In the adjusted OS analysis, both marginal and conditional HRs between the two treatments were estimated after adjusting for differences in patient characteristics between the two populations. The marginal HR was estimated via a weighted Cox regression model with treatment as the only covariate. The weights used were sIPTW, which was calculated based on the propensity score, estimated using a logistic regression model considering age, refractory to last treatment, prior alloSCT, and number of prior relapses. A trimmed weights approach was also used, where the upper and lower 1% of the sIPTW estimated were trimmed to avoid extreme weights to estimate marginal HR via a weighted Cox regression model. The conditional HR was estimated using Cox regression models with stratification by quantiles of propensity scores, or with adjustment by prognostic factors, or with adjustment for both prognostic factors and propensity scores.

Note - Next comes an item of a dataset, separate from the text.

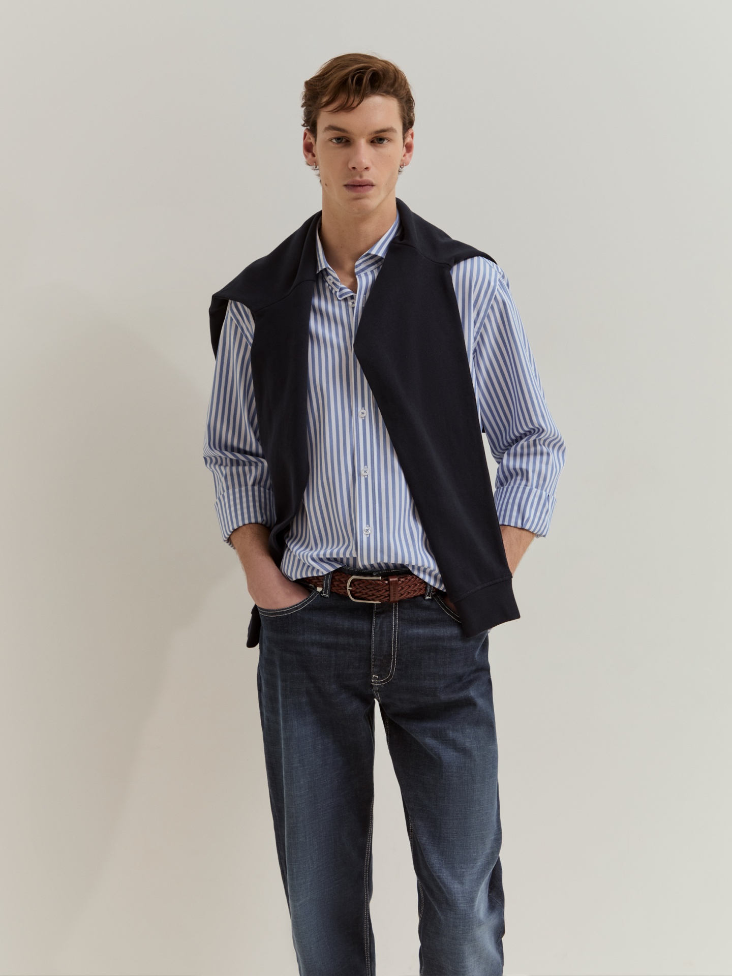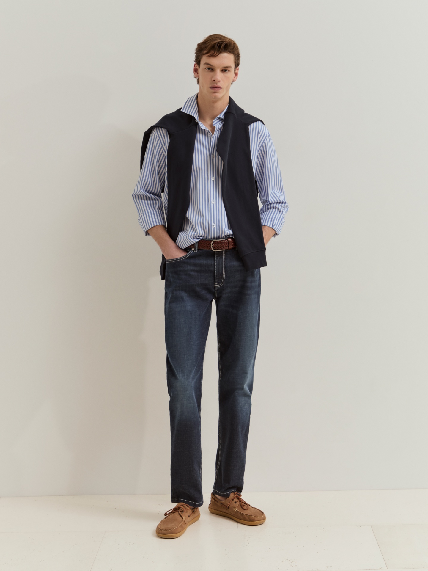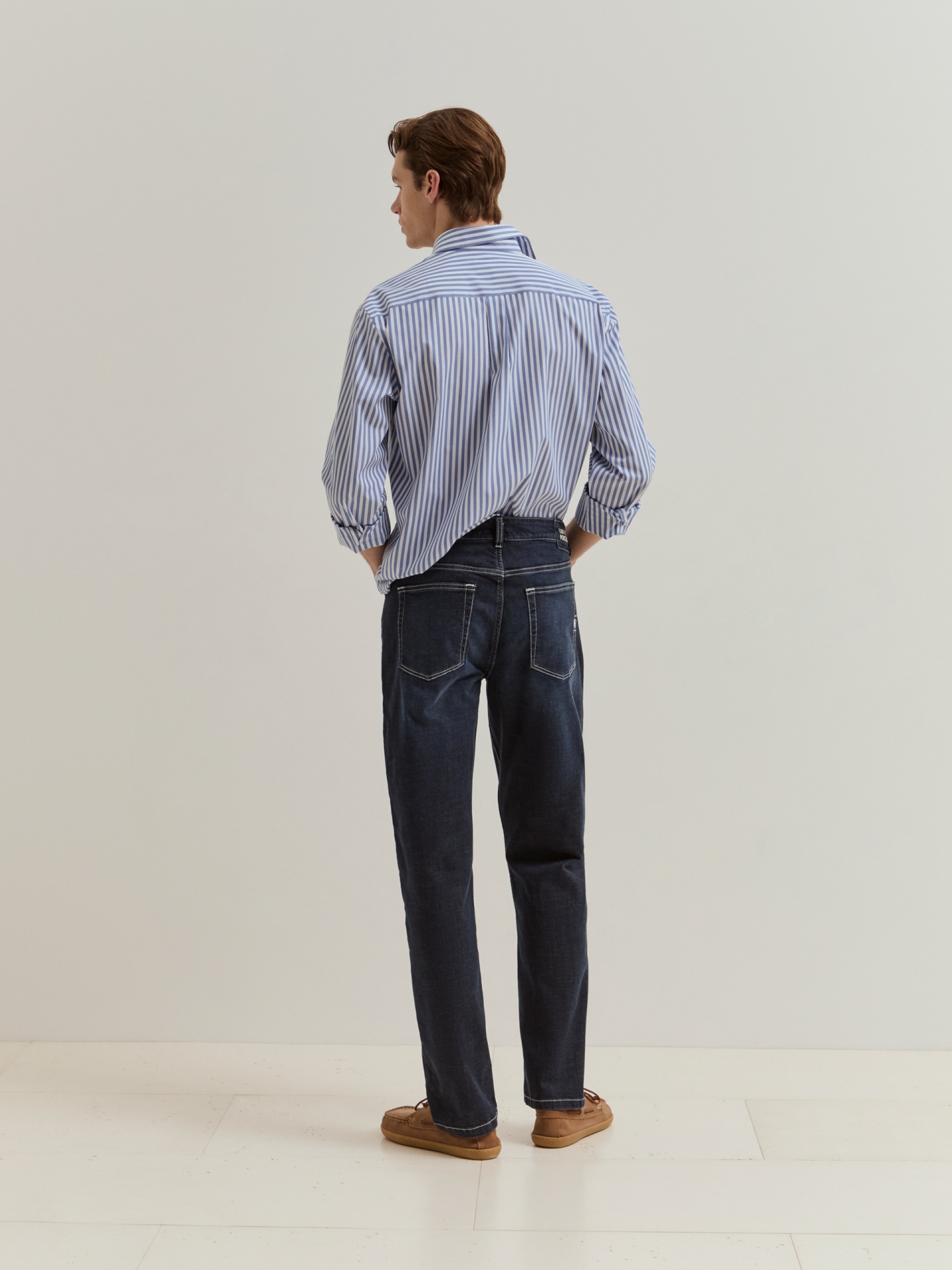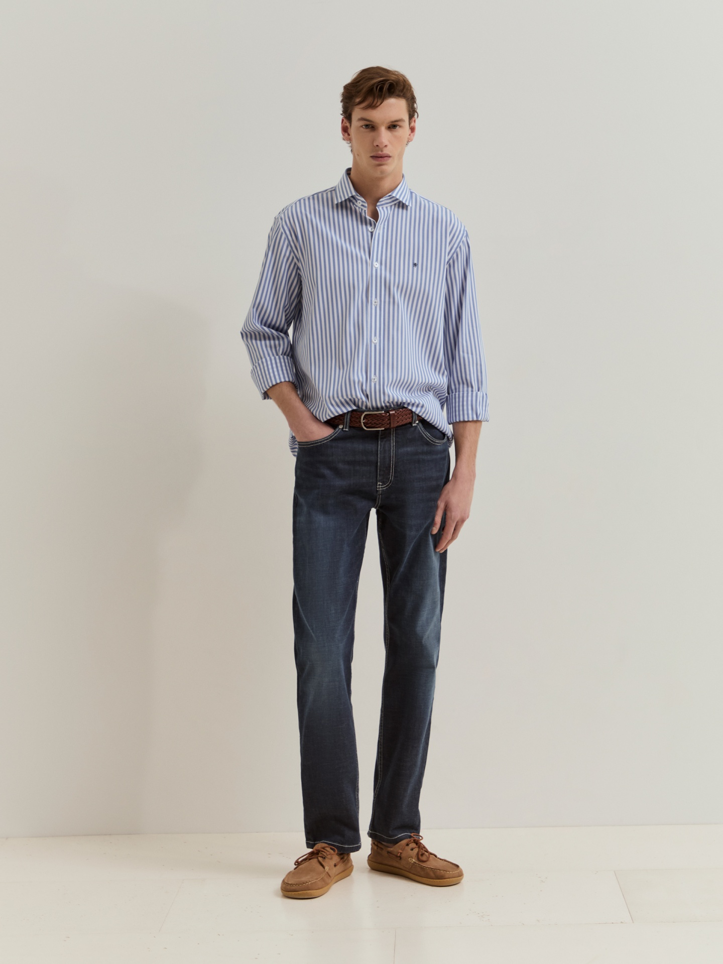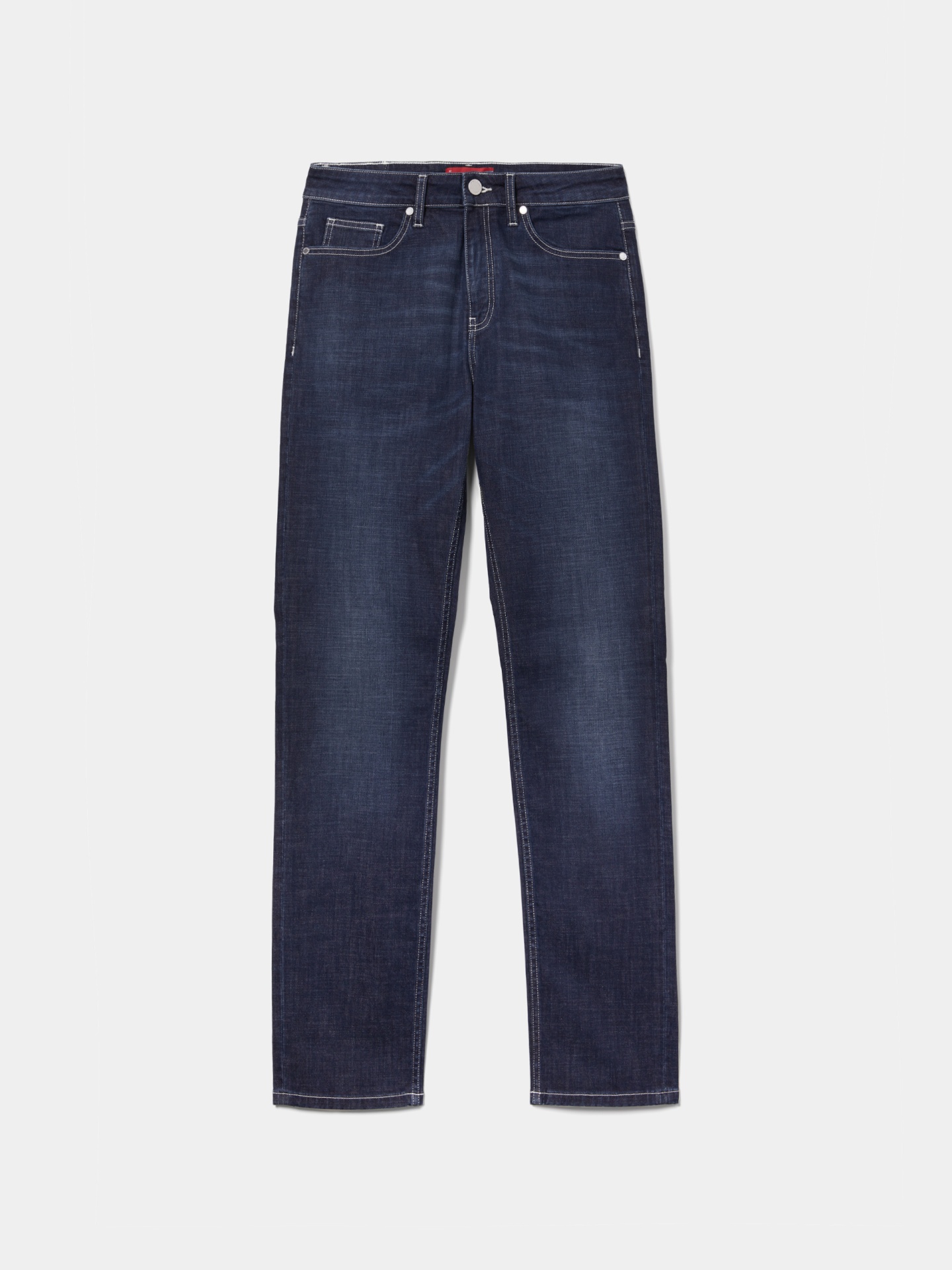Calças de ganga azul-escuras em regular fit, versáteis e confortáveis. Confecionadas em algodão com um toque de elastano para uma maior elasticidade e liberdade de movimentos. Apertam com fecho de correr e botão. Com design clássico de cinco bolsos e etiqueta com o nome da marca na parte de trás, combinam funcionalidade e estilo numa só peça.

Prognostic factors were defined based on clinical relevance and the availability of the parameters in both datasets.

Prognostic factors were used to develop a propensity score to balance measured characteristics across patients treated with tisagenlecleucel compared with blinatumomab. Baseline patient factors that were adjusted for included age, treatment with prior alloSCT and number of prior relapses, and refractory to the last line of treatment, which are the patient-level data reported in MT103-205. In Table 1, baseline characteristics that were not considered prognostic factors because of unavailability of patient-level data within the blinatumomab dataset²⁰  are indicated with an asterisk.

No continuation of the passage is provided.